DATA FOR PROCESSING.
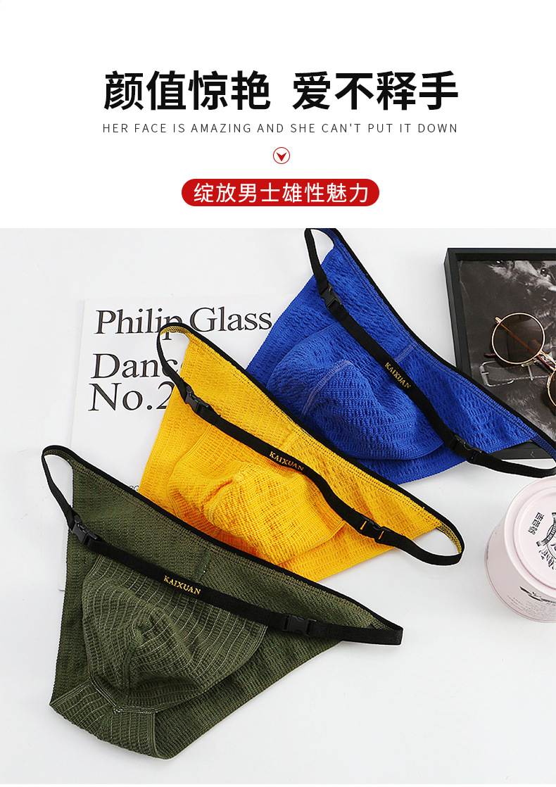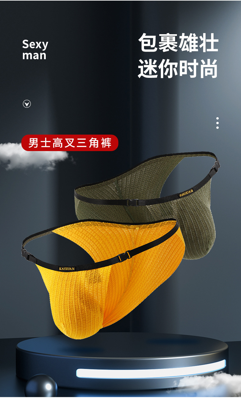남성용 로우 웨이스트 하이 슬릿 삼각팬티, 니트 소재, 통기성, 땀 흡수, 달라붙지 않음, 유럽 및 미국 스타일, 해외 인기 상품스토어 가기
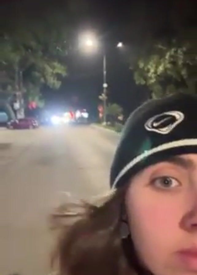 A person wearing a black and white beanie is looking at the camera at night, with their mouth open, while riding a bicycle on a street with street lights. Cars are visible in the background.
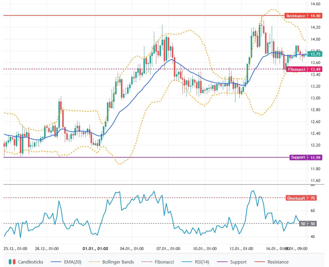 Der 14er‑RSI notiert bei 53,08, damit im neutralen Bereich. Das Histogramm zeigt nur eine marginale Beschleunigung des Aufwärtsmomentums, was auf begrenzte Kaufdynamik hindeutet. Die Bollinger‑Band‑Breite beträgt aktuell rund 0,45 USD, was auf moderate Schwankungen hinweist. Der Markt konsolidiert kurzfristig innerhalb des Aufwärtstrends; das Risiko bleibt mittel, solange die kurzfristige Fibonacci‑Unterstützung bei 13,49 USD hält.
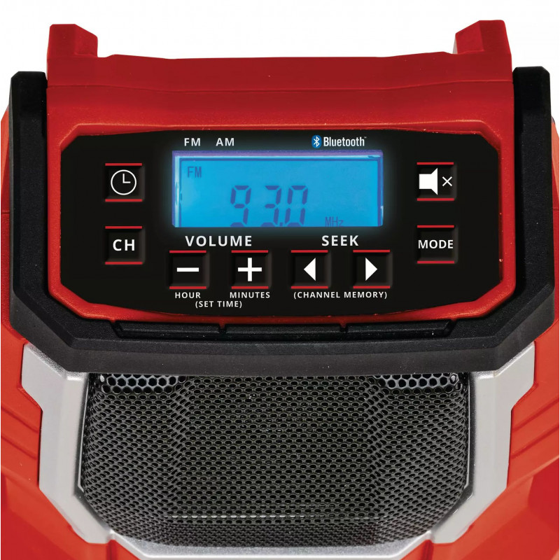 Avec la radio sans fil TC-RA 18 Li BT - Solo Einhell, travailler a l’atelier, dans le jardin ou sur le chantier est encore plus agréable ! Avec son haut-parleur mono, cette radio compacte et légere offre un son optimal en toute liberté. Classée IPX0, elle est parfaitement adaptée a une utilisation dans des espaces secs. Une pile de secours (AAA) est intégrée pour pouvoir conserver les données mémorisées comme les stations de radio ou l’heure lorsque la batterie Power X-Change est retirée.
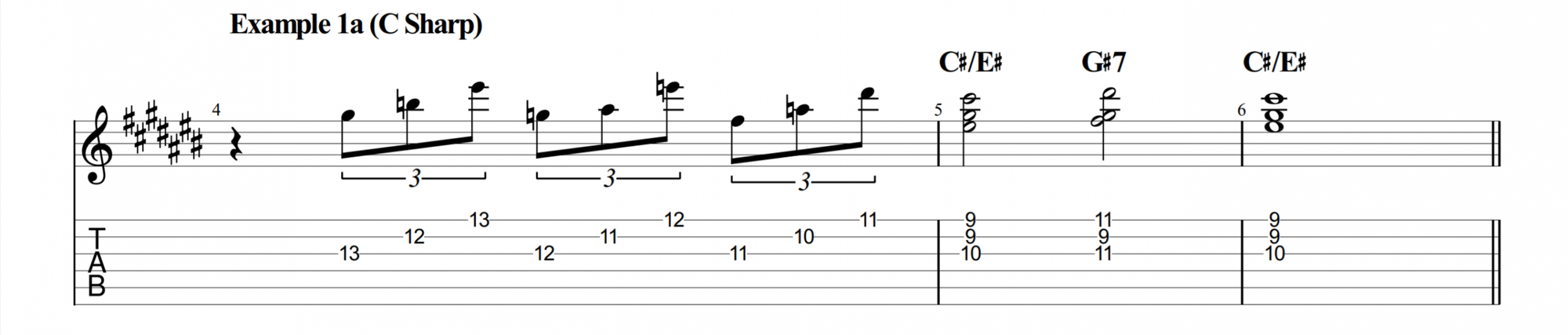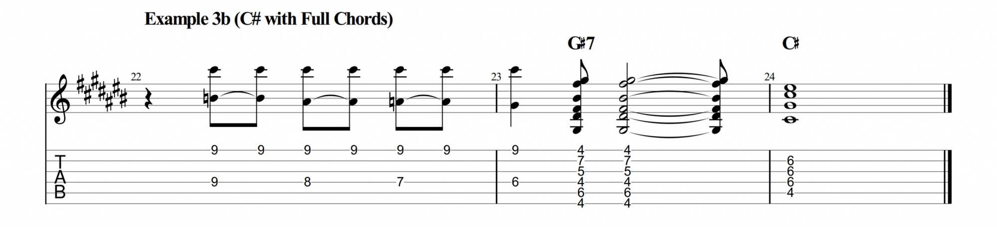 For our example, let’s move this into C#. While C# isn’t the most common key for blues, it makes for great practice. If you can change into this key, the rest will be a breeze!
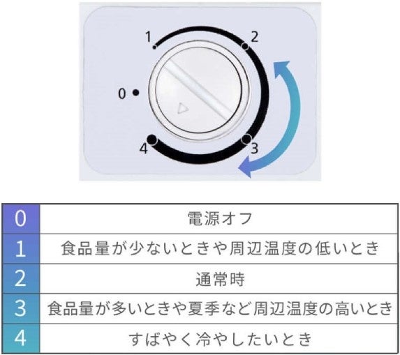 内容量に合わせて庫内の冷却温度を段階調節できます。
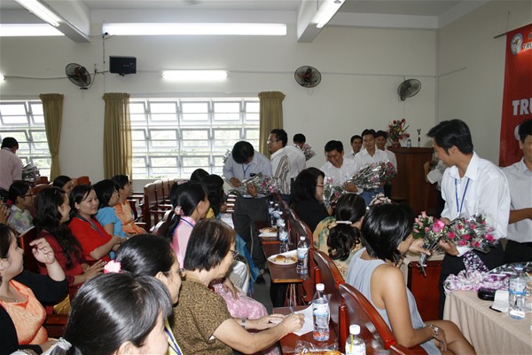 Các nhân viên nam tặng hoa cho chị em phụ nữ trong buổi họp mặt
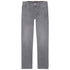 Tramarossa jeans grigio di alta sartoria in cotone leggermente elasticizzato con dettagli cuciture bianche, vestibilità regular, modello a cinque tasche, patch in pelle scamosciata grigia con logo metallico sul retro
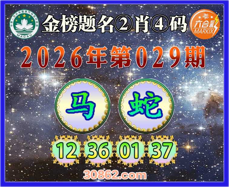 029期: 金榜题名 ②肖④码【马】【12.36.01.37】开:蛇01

PROBLEM DESCRIPTION. This exercise calls for the records to be given again exactly, without the images.

EXPECTED OUTPUT.
남성용 로우 웨이스트 하이 슬릿 삼각팬티, 니트 소재, 통기성, 땀 흡수, 달라붙지 않음, 유럽 및 미국 스타일, 해외 인기 상품스토어 가기
 A person wearing a black and white beanie is looking at the camera at night, with their mouth open, while riding a bicycle on a street with street lights. Cars are visible in the background.
 Der 14er‑RSI notiert bei 53,08, damit im neutralen Bereich. Das Histogramm zeigt nur eine marginale Beschleunigung des Aufwärtsmomentums, was auf begrenzte Kaufdynamik hindeutet. Die Bollinger‑Band‑Breite beträgt aktuell rund 0,45 USD, was auf moderate Schwankungen hinweist. Der Markt konsolidiert kurzfristig innerhalb des Aufwärtstrends; das Risiko bleibt mittel, solange die kurzfristige Fibonacci‑Unterstützung bei 13,49 USD hält.
 Avec la radio sans fil TC-RA 18 Li BT - Solo Einhell, travailler a l’atelier, dans le jardin ou sur le chantier est encore plus agréable ! Avec son haut-parleur mono, cette radio compacte et légere offre un son optimal en toute liberté. Classée IPX0, elle est parfaitement adaptée a une utilisation dans des espaces secs. Une pile de secours (AAA) est intégrée pour pouvoir conserver les données mémorisées comme les stations de radio ou l’heure lorsque la batterie Power X-Change est retirée.
 For our example, let’s move this into C#. While C# isn’t the most common key for blues, it makes for great practice. If you can change into this key, the rest will be a breeze!
 内容量に合わせて庫内の冷却温度を段階調節できます。
 Các nhân viên nam tặng hoa cho chị em phụ nữ trong buổi họp mặt
 Tramarossa jeans grigio di alta sartoria in cotone leggermente elasticizzato con dettagli cuciture bianche, vestibilità regular, modello a cinque tasche, patch in pelle scamosciata grigia con logo metallico sul retro
 029期: 金榜题名 ②肖④码【马】【12.36.01.37】开:蛇01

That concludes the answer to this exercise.